As a designer who has always leaned a bit toward the carnival aesthetic (and we mean this in the best possible way), the circus theme afforded Scott the opportunity to incorporate many of his signature design elements. Animal prints, for example, came by way of one-shouldered zebra-stripe dresses for women and double-breasted suits for men; leopard spots dotted tuxedos and dresses; and sparkly multicolored tiger stripes prowled the runway on mini-dresses and over-the-knee boots.
Trippy ’70s-era florals and riotous allover prints turned up on luxe clown clothes. The standout looks here — peony pink ruched tulle dresses with giant daisy appliqués and trompe l’oeil tops — offered an elevated take on the tuxedo-and-bow-tie T-shirt.

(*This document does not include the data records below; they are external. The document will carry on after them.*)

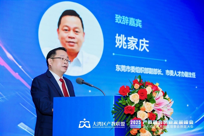 东莞市委组织部副部长、市委人才办副主任姚家庆表示,此次峰会将为东莞高质量发展注入新动力,有力推动东莞乃至大湾区的产教融合发展。他在致辞中提出几点期望:一是希望专家学者围绕产教融合热点、难点问题建言献策,提供智力支持;二是希望企业代表发挥优势,加强校企合作,打造产教融合新模式、新典范;三是希望大湾区产教联盟发挥桥梁纽带作用,推动资源共享、优势互补 。
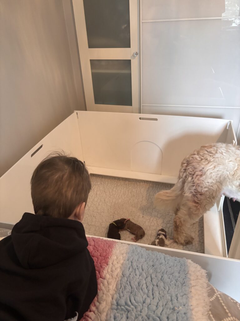 We expose our puppies to human touch from birth. We always consider the mother’s comfort level, as we don’t want to impose unnecessary stress on her. Nova stays nearby, watching over her puppies as they interact. This week, two of my grandsons visited to interact with Nova’s puppies. Sometimes, little hands aren’t so gentle—this serves as a teaching opportunity for children to learn to be gentle and to respect animals.
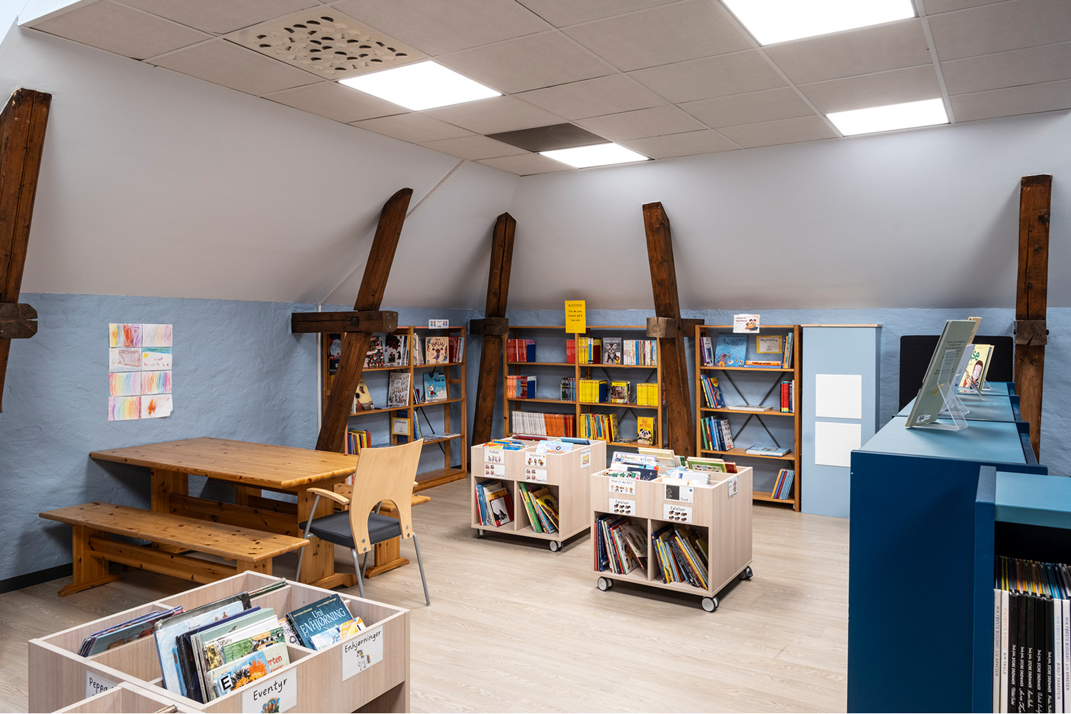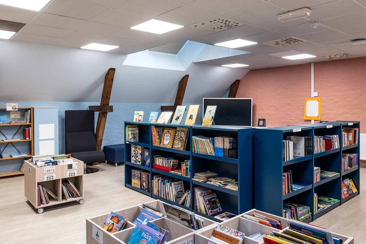 En janvier 2024, l’école de Vahl à Oslo a inauguré sa bibliothèque scolaire entièrement rénovée. Pensé comme un espace à la fois moderne et modulable, ce nouveau lieu s’inscrit dans une conception globale renouvelée. Grâce à de nouveaux systèmes de rayonnage, un design intérieur réfléchi et une organisation claire des différents espaces, la bibliothèque remplit désormais un double rôle : un lieu d’apprentissage et un lieu de rencontre, soutenant les activités pédagogiques ainsi qu’une utilisation en dehors des horaires scolaires.

Clown-appropriate accessories included sparkly shoulder-width bow ties, cheery polka-dotted purses and parasols, and ties knotted at the neck but hanging nearly to the floor.

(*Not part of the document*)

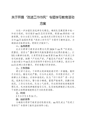 关于开展改进工作作风专题学习教育活动方案为进一步加强队伍纪律作风建设,确保队伍高度集中统一和安全稳定,切实维护xx队伍良好形象,根据xx局的统一安排部署,结合当前工作实际,xx局决定从即日起至5月31日在全市xx队伍组织开展改进工作作风专题学习教育活动。为确保活动取得实效,现制定方案如下:一、指导思想此次专题学习教育活动要在巩固2024年xx局抓规范、促整改、保安全暨纪律作风教育整顿活动成果的基础上,以XX大精神为统领,认真贯彻落实xx党委及xx局关于改进工作作风的部署,按照严兵先严官,严基层先严机关的原则,全面加强全市xx队伍各级领导干部和队伍作风建设,促进全市xx队伍树立良好警风、更好地履行职责使命。二、工作目标通过学习活动,干部群众规章制度意识进一步增强,履职尽责到位,警容风纪严整,行为举止规范,作风雷厉风行,干部群众关系融洽,内部和谐稳定;队伍四个秩序进一步正规,规章执行到位,警令政令畅通,管理严格有序,执勤训练规范,工作运行良好,队伍士气高昂,形成领导按规章制度管理队伍、机关按规章制度指导工作、队伍按规章制度正规运转、干部群众按规章制度规范行为的良好局面。三、时间3月5日至5月31日。四、组织领导为确保专题学习教育活动取得实效,xx局队成立改进工作作风专题学习教育活动领导小组:组长:副组长:成员:领导小组下设办公室和督导组:办公室主任:副主任:成员:五、重点学习内容(一)规章制度。组织学习xx等,强化干部群众的条令意识,提高广大干部群众遵守条令的自觉性和主动性。(二)法规禁令。组织学习《中央政治局关于改进作风、密切联系群众的八项规定》、四个严禁、《xx监督执法六个严禁》及道路交通法律法规等,增强干部群众的法纪观念、责任意识,培养良好作风,自觉维护xx队伍良好形象。(三)规章制度。组织学习《xx队伍正规化管理规定(试行)》、《xx队伍安全管理规定》、《xx队伍作战训练安全要则》、《xx队伍抢险救援规程》、《xx队伍干部群众开设使用互联网个人空间的管理规定(试行)》等,不断提高干部群众学习、生活、训练、工作等的规范化水平。六、方法步骤第一阶段:动员部署(3月上旬)。各单位要层层进行动员,统一思想,提高认识,使全体干部群众明确此次整顿教育的重要意义。各单位要召开专门会议,结合单位实际,研究制定具体的活动实施方案,切实增强学习教育活动的针对性和实效性。方案于3月10日前,将方案报司令部。第二阶段:集中教育(3月中旬至3月底)组织集中学习教育,原原本本地学习相关的规章制度和各项规章制度,引导干部群众进一步熟悉作风纪律要求和相关制度规定,强化纪律意识、责任意识和忧患意识,为清理排查打文可居文库——海量学习资料,手机电脑均可下载www.wenkeju.com牢思想基础。每名干部群众都要有学习笔记,xx局将适时组织一次网上答题活动,确保学习的效果。期间机关和大中队要结合实际组织好队列训练、卫生检查和安全自查分析等工作,xx局将随机督查。第三阶段:清理排查(4月上旬至4月底)在学习提高的基础上,每名干部群众要认真查找在思想作风、学风、工作作风和生活作风等方面存在的问题。查找问题采取个人自查与互查、本级查与上级查的办法进行。个人自查中每名干部群众要结合工作实际,对照规章制度和各项规章制度查找自身纪律作风方面存在的不足,自查过程中要注重征求干部群众的意见和建议,确保找准问题、明白根源,同时要认真填写自查自改登记表,分析问题产生原因,督促整改措施落实;每名干部群众都要针对个人自查和组织排查中发现的问题,制定切实可行的整改措施和整改目标。重点清理排查以下四个方面的问题:一是执纪不严。不按规章制度和规章制度办事,有令不行、有禁不止;执行标准不统一,上紧下松,严兵不严官;纪律观念不强,违反队伍纪律规定;一日生活制度不落实、四个秩序不正规等问题。二是作风不实。机关、大队干部工作态度不端正,表率作用不好,服务基层意识不强;工作作风不扎实,调查研究不深入,指导工作走过场;公款吃喝、公车私用、铺张浪费;中队干部群众扎根基层思想树立不牢,责任心不强,离兵离营,脱岗漏岗,骨干作用不明显等问题。第四阶段:整改落实(5月上旬至5月中旬)针对清理排查出的问题,逐项制订措施,逐级明确责任,并强化跟踪问效,抓好整改落实。对于一些重点难点问题,要进行专题研究,制定切实可行的措施,强力督促整改。第五阶段:检查总结(5月下旬)各单位要分阶段对所属队伍开展学习教育活动情况进行检查、讲评。xx局党委成员要认真督促各自包片大(中)队扎实开展活动,坚持每阶段至少要对联系点单位进行一次检查、讲文可居文库——海量学习资料,手机电脑均可下载www.wenkeju.com评。七、有关要求(一)要加强组织领导。各单位要高度重视学习教育活

A slightly more subtle reference to the theme came by way of riffs on the harlequin print that included leather skirts, trousers and motorcycle jackets covered in large, color-blocked triangles and Lurex brocade suits, dresses and bubble skirts in a smaller multicolored version of the diamond pattern. Its inclusion here was appropriate not only because the harlequin was a mischievous clown character in Italy’s 16th to 18th century commedia dell’arte, but also because it’s a callback to earlier Moschino collections that employed the varicolored harlequin pattern on handbags and apparel in the ’80s and ’90s.
Also in the mix was a range of pieces that might be called ringmaster chic. Men’s and women’s looks referenced the tailcoat and top hat traditionally worn by that circus performer. For women that meant tailcoat bodysuits worn with fishnet stockings and and for men that meant tuxedos with cutaway jackets accessorized with floppy bow ties. And for both it meant red jackets trimmed in gold braid.

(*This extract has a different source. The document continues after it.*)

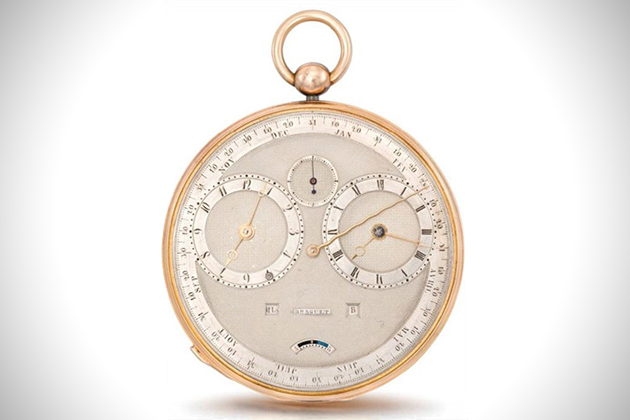 Breguet No. 160 at $30 million: The watch included every known complication at the time, including a thermometer, chime, and perpetual calendar. The watch was on display at the L.A. Mayer Museum in Jerusalem until it was stolen in 1983. (pinterest.com)
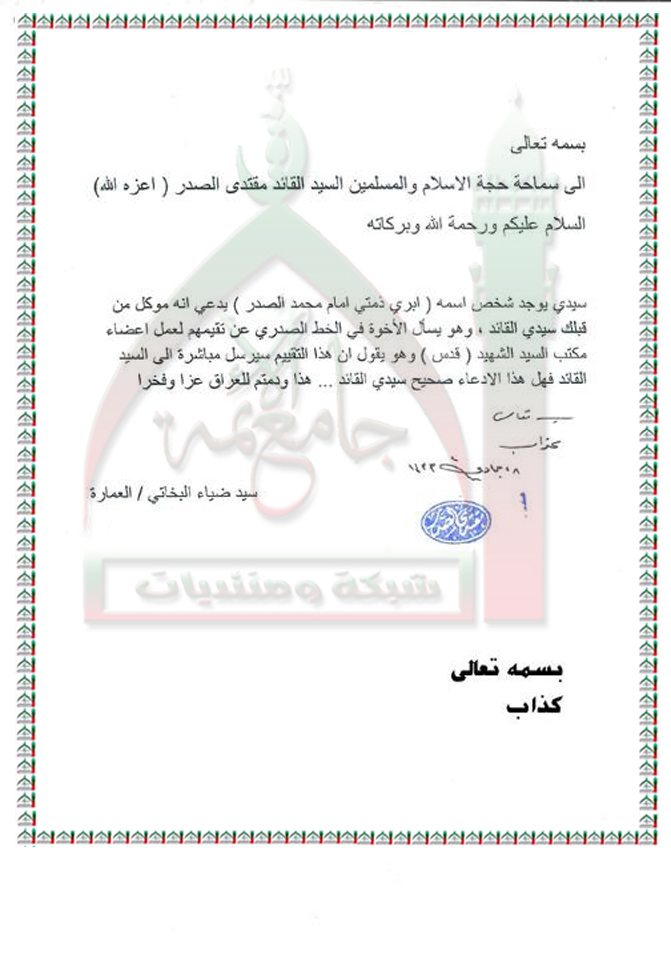 المدعو " ابرىء ذمتي امام السيد محمد الصدر " في صفحات الفيسبوك كذّاب استفتاء السيد القائد مقتدى الصدر اعزه الله 21 - 5 - 2012

The ringmaster look also meant seeing multiple variations of the top hat, with full-sized toppers on some models and pint-sized versions on others in a variety of fabrications, including, but not limited to, gold metallics, florals and stripes. Other headgear in the mix included conical clown caps and slouchy sparkly beanies. And if that wasn’t enough, a range of colorful, eye-catching footwear took the idea of clown shoes in a whole new direction.
Despite all the frivolity afoot, there was definitely an undercurrent of something darker and more sinister too. The gold-cord soutache embroidery that, at first glance, gave tuxedos, track suits and jumpsuits a bold, bandleader feel created skeleton-like outlines on their wearers. Blood-red beading across a nude tulle gown evoked the notion of an open wound. Also, a haunting — and nearly show-stealing — look consisted of a blue bodysuit festooned with a half-dozen doves frozen in mid-flight. Whether it was a momentary mediation on mortality, a snide aside at the state of politics — or fashion — or something else entirely, it came and went from the tent as quickly as a clown shot from a cannon, all but forgotten by the runway finale.
High-profile FOJ (Friends of Jeremy) and supporters of the brand under the big-top included Gwen Stefani (who told The Times that Scott was going to create the finale look for her soon-to-start Las Vegas residency), Billy Idol, Kris Jenner, January Jones, Aubrey Plaza, Jaime King and Emma Roberts, many of whom decamped to the other side of the Hollywood Hills for the official after-party, which doubled as the opening party for the Houston Brothers’ new nightspot Madame Siam Sideshow Emporium.
This marks the third year in a row that Scott has presented his men’s spring and summer and women’s resort collections together in Los Angeles. (The first two years, the show was part of Made LA, the short-lived WME/IMG fashion, music and art partnership with AEG).